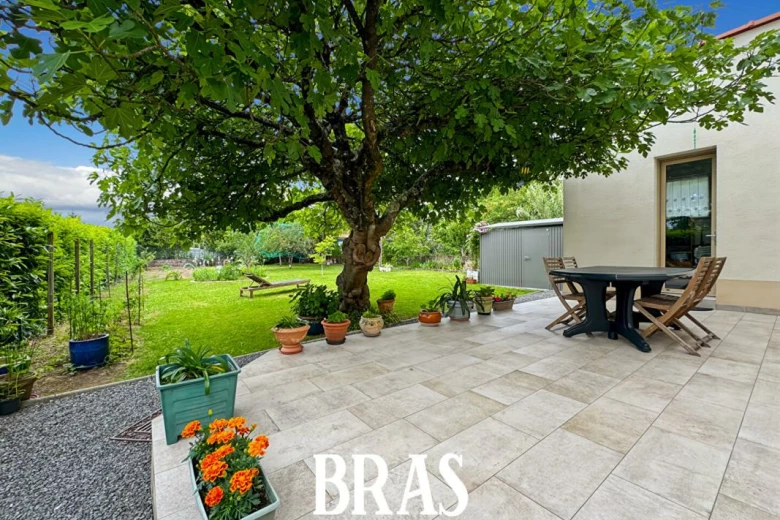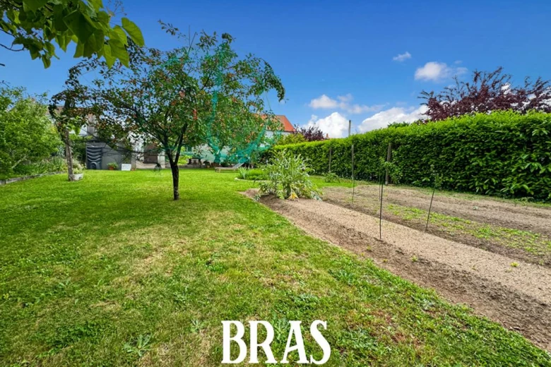 Implantée sur une belle parcelle de 784 m², sans aucun vis-à-vis, le jardin paysager accueille plusieurs arbres fruitiers, créant un cadre de vie agréable et intimiste.
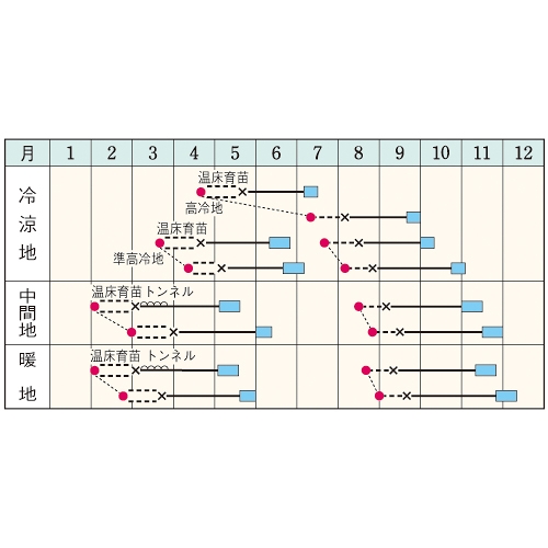- 花期、収穫期(○○どり)、高さ、収穫重量などの性質は、一般平坦地における適期栽培でのおおよその目安です。
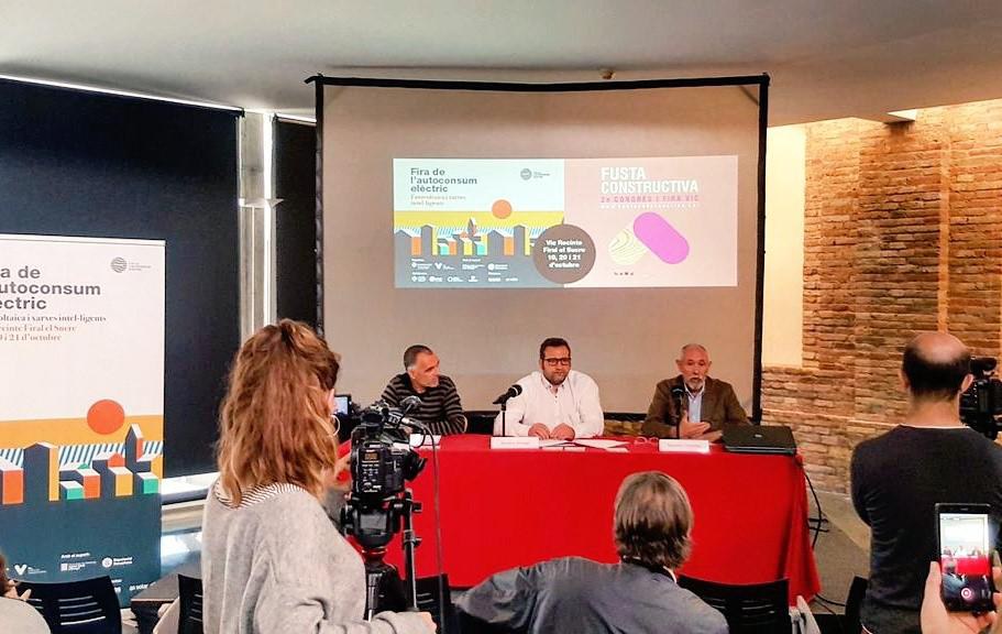 Avui al matí, el regidor de Fires i Mercats de Vic, Benjamí Dòniga, el gerent de l’Organisme Autònom de Fires i Mercats (OFIM), Bernat Vilarasau, i el coordinador general de Projectes del Gremi Fusta i Moble, Salvador Ordoñez, han presentat les dues fires que es duran a terme els dies 19, 20 i 21 d’octubre a Vic al Recinte Firal El Sucre, relacionades amb la sostenibilitat: la 1a Fira de l’Autoconsum Elèctric i el 2n Congrés i Fira de la Fusta Constructiva.
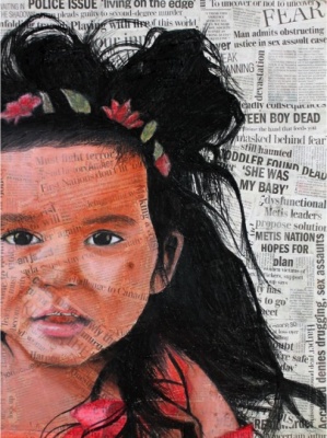 An epidemic hidden amidst the whirlwind of news outlets and uninformed consumers of media conceals a dirty secret. Our women are vanishing and no one is taking notice. The Indigenous community is suffering from a plague that is affecting thousands of Aboriginal girls and women across Canada each year. The homicide rate remains significantly higher for those of an Indigenous background than all other women in Canada. The voice of our people has always been rooted in our artwork and remains as a fundamental influence to reflect our stories. Newspaper clippings are scattered across the background as a reminder of the violence inflicted upon the Indigenous communities and what may be left forgotten. The girl in this piece is not chosen at random either. This portrait of my cousin is a sharp reminder that the struggle of murdered and missing Aboriginal women is not a distant conflict, but rather a battle that hits close to home. My cousin is a symbol of hope for the past, present and the future of Indigenous women. In times of struggle, we have proven to remain whole and create a network of support for one another. We are not forgotten and we are not broken. We are the sheer representation of hope.
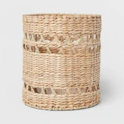Maintain a clean bathroom space while adding a touch of natural flair with this Woven Waste Can from Thresholdâ˘. This natural waste can showcases a beautifully woven pattern with raffia-like accents to lend an artistic flair to your space. Designed in a round shape, this waste can features an open top construction for easy disposal of trash.
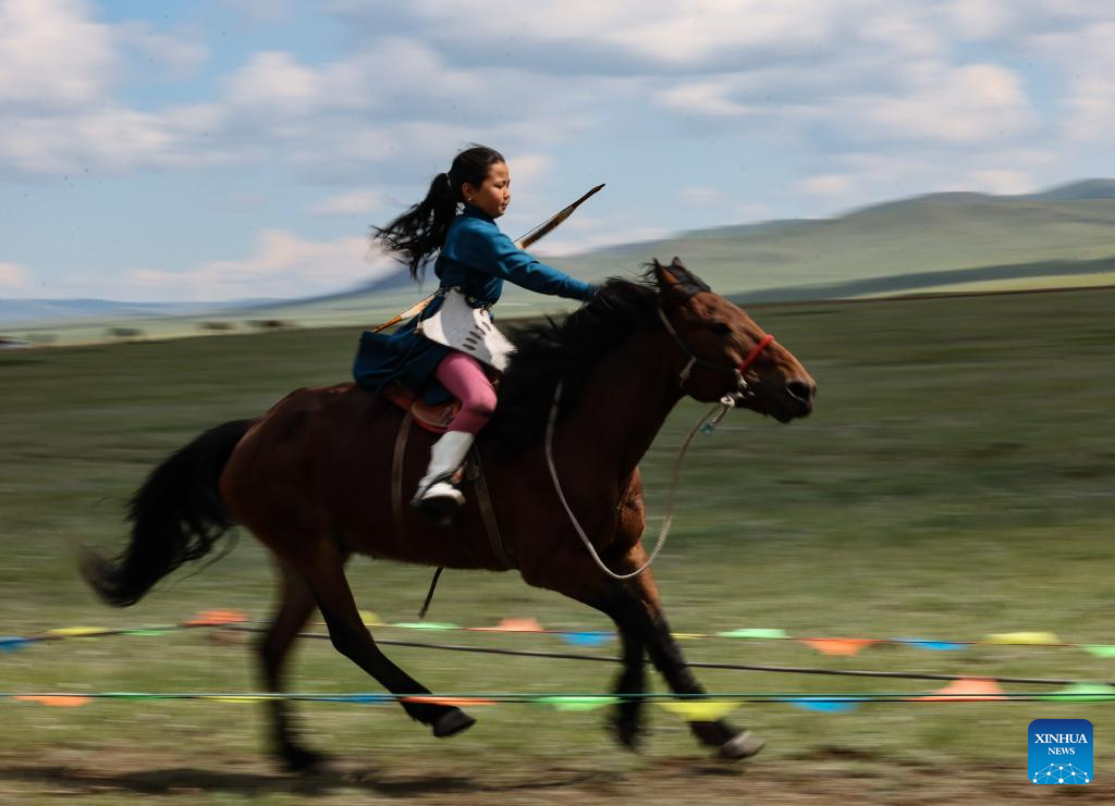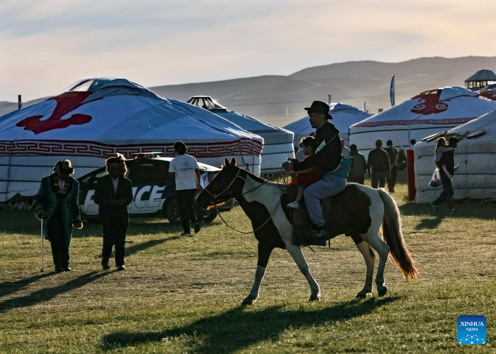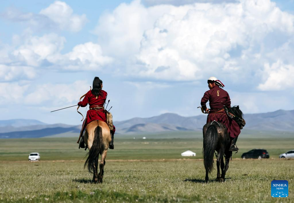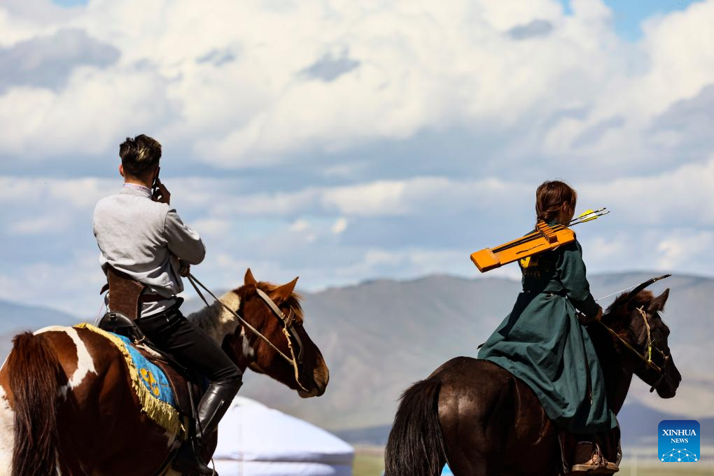 Participants attend a nomadic culture festival in the Nalaikh District of Ulan Bator, Mongolia, Aug. 19, 2023. A cultural festival to promote Mongolia's nomadic intangible culture and the development of the tourism sector was held from Aug. 18 to 20 in the Nalaikh District of Ulan Bator.
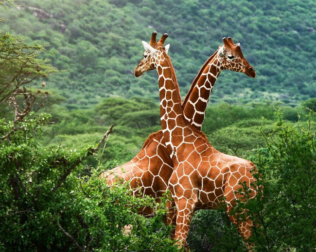 长颈鹿脖子太长了,所以长颈鹿蜷曲着脖子睡觉。
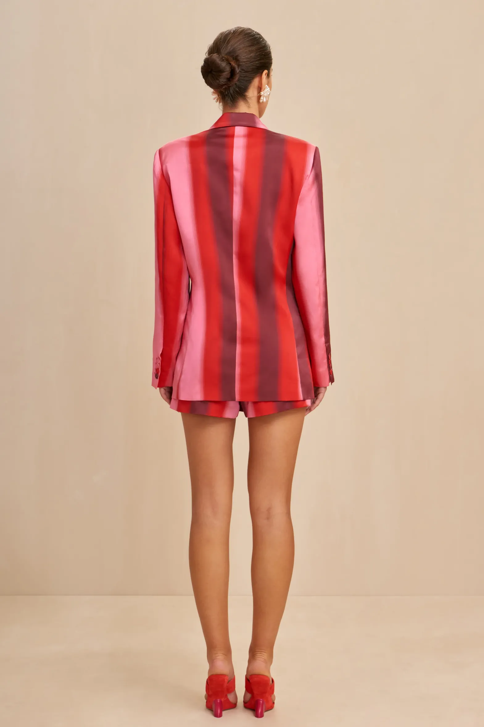 The Rene is a very Cult Gaia blazer. She is double breasted with fabric covered buttons. She has button details on her sleeves. She is structured and slim fit for a flattering profile. Designed to pair with the matching Leilani Skort in Lollipop.
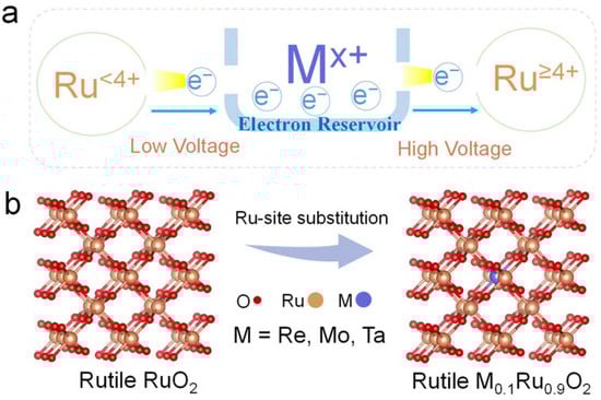 (a) Schematic diagram of the electron transfer process under different potentials. (b) Schematic image of partial substitution of Ru with Re, Mo, and Ta.
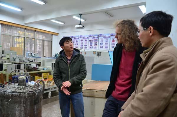 上午,Wheeler教授在张卓然教授的陪同下,参观了电气系航空电源重点实验室、江苏省新能源发电与电能变换重点实验室,与重点实验室老师和研究生们进行了广泛交流和讨论,对诸侯快讯在航空电源及新能源发电系统方面的研究成果给予了高度评价,充分肯定了两校在航空电源系统方面有很多共同的研究兴趣。
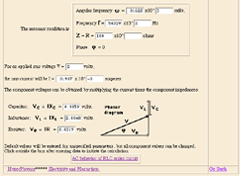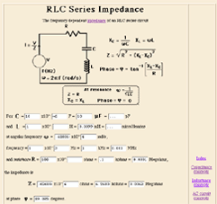|  Even more useful is a more involved calculation like a series RLC circuit. Doing this calculation once by calculator is a lot of work, so in the RLC lab, our students will typically put it on a spreadsheet. This Javascript calculation does essentially the same thing as the spreadsheet, but with the additional graphic elements which put it into context.
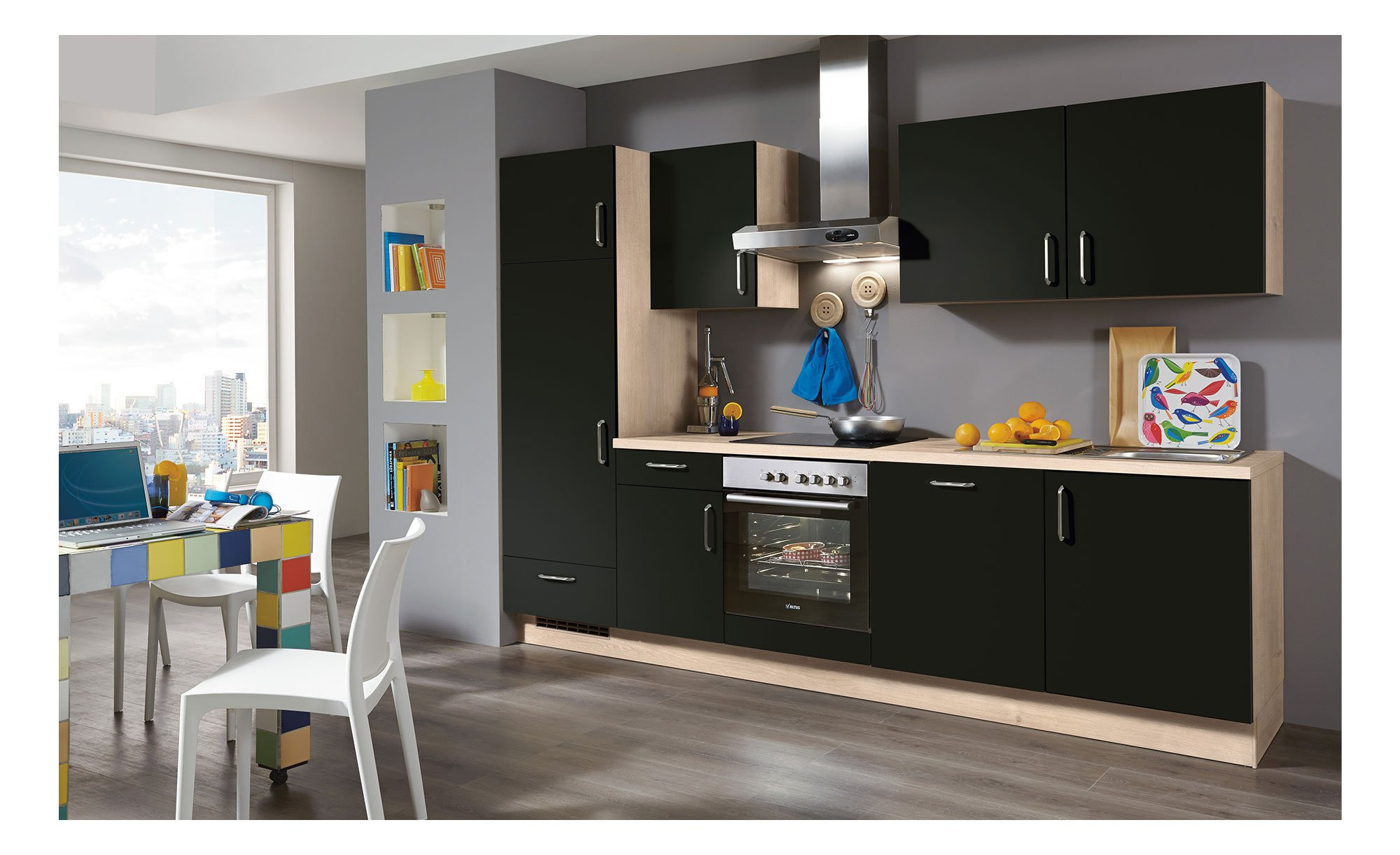 Die ca. 290 cm lange Zeile verfügt über einen Korpus und eine Arbeitsplatte in Eiche Montreal Nachbildung. Einen krassen Gegensatz dazu bilden die supermatten Lacklaminat-Fronten in Schwarz. Edelstahlfarbige Metallgriffe tragen einen weiteren Teil zum edlen Gesamtbild bei.

-=-=-=-=-

> **Task instructions**: Up to and including the line that holds "Avui al matí, el", restate word for word each line of the records from their start, and only those lines, leaving out the pictures.

> **Finished task**:
 Implantée sur une belle parcelle de 784 m², sans aucun vis-à-vis, le jardin paysager accueille plusieurs arbres fruitiers, créant un cadre de vie agréable et intimiste.
- 花期、収穫期(○○どり)、高さ、収穫重量などの性質は、一般平坦地における適期栽培でのおおよその目安です。
 Avui al matí, el regidor de Fires i Mercats de Vic, Benjamí Dòniga, el gerent de l’Organisme Autònom de Fires i Mercats (OFIM), Bernat Vilarasau, i el coordinador general de Projectes del Gremi Fusta i Moble, Salvador Ordoñez, han presentat les dues fires que es duran a terme els dies 19, 20 i 21 d’octubre a Vic al Recinte Firal El Sucre, relacionades amb la sostenibilitat: la 1a Fira de l’Autoconsum Elèctric i el 2n Congrés i Fira de la Fusta Constructiva.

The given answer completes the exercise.